Bill St. Arnaud points out this August 29 article from the Washington Post about the development of fiber to the home in Japan, where people can routinely get 100 mbps in their houses and businesses.
The burgeoning optical fiber system is hurtling Japan into an Internet future that experts say Americans are unlikely to experience for at least several years.
Shoji Matsuya, director of diagnostic pathology at Kanto Medical Center in Tokyo, has tested an NTT telepathology system scheduled for nationwide use next spring.
It allows pathologists — using high-definition video and remote-controlled microscopes — to examine tissue samples from patients living in areas without access to major hospitals. Those patients need only find a clinic with the right microscope and an NTT fiber connection.
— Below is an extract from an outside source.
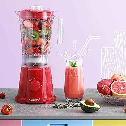 COMFEE’ Batidora de vaso de 1,5 litros, robot de cocina, batidora multifunción de 600 W con 2 niveles de velocidad y función de impulso, color rojo

“Before, we did not have the richness of image detail,” Matsuya said, noting that Japan has a severe shortage of pathologists. “With this equipment, I think it is possible to make a definitive remote diagnosis of cancer.”
Japan’s leap forward, as the United States has lost ground among major industrialized countries in providing high-speed broadband connections, has frustrated many American high-tech innovators.
The article traces the roots of this capacity to the competition in Internet services that was unleashed by the Japanese government requiring the big telcos to open up access to their transport in 2000. A pertinent case study in network neutrality, for sure.
I was at a meeting recently where it was suggested that our rallying cry for municipal broadband should be for a gigabit to the home. Sounds a lot better than the (up to) 12 mbps Comcast is advertising as “high speed”.